ヘルダー方策最適化

要旨

Group Relative Policy Optimisation (GRPO)は、サンプリングされた複数の軌跡にわたってアドバンテージを推定することで、大規模言語モデルを強化する。しかしながら、これらの軌跡レベルのアドバンテージを方策の更新にマッピングするには、各系列内でトークンレベルの確率を集約する必要がある。このステップに固定された集約メカニズムを利用することは、アルゴリズムの適応性を根本的に制限する。経験的に、我々は重要なトレードオフを観察する：特定の固定集約は頻繁に訓練崩壊を引き起こす一方、他の集約は満足のいく性能を達成できない。この問題を解決するために、我々はヘルダー平均を介してトークンレベルの確率集約を統合する一般化された方策最適化フレームワーク、HölderPOを提案する。パラメータpを明示的に調整することで、我々のフレームワークは勾配集中と分散限界の間のトレードオフを連続的に制御する。
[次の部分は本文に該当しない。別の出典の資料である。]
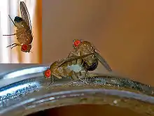 Mating fruit flies. Note the sex combs on the forelegs of the male (insert)

理論的に、我々はpが大きいと勾配を集中させて疎な学習信号を増幅し、一方pが小さいと勾配分散を厳密に制限することを証明する。静的な設定ではこの集中と安定性のトレードオフを普遍的に解決できないため、我々は訓練ライフサイクル全体でpを漸進的にスケジュールする動的アニーリングアルゴリズムを用いてフレームワークを具体化する。広範な評価により、既存のベースラインよりも優れた安定性と収束性を示す。具体的には、我々のアプローチは複数の数学ベンチマークにおいて最先端の平均精度54.9%を達成し、標準的なGRPOに対して7.2%の顕著な相対的向上をもたらし、ALFWorldでは93.8%という例外的な成功率を達成する。

English

Group Relative Policy Optimisation (GRPO) enhances large language models by estimating advantages across a group of sampled trajectories. However, mapping these trajectory-level advantages to policy updates requires aggregating token-level probabilities within each sequence. Relying on a fixed aggregation mechanism for this step fundamentally limits the algorithm's adaptability. Empirically, we observe a critical trade-off: certain fixed aggregations frequently suffer from training collapse, while others fail to yield satisfactory performance. To resolve this, we propose HölderPO, a generalised policy optimisation framework unifying token-level probability aggregation via the Hölder mean. By explicitly modulating the parameter p, our framework provides continuous control over the trade-off between gradient concentration and variance bounds. Theoretically, we prove that a larger p concentrates the gradient to amplify sparse learning signals, whereas a smaller p strictly bounds gradient variance. Because no static configuration can universally resolve this concentration-stability trade-off, we instantiate the framework with a dynamic annealing algorithm that progressively schedules p across the training lifecycle. Extensive evaluations demonstrate superior stability and convergence over existing baselines. Specifically, our approach achieves a state-of-the-art average accuracy of 54.9% across multiple mathematical benchmarks, yielding a substantial 7.2% relative gain over standard GRPO and secures an exceptional 93.8% success rate on ALFWorld.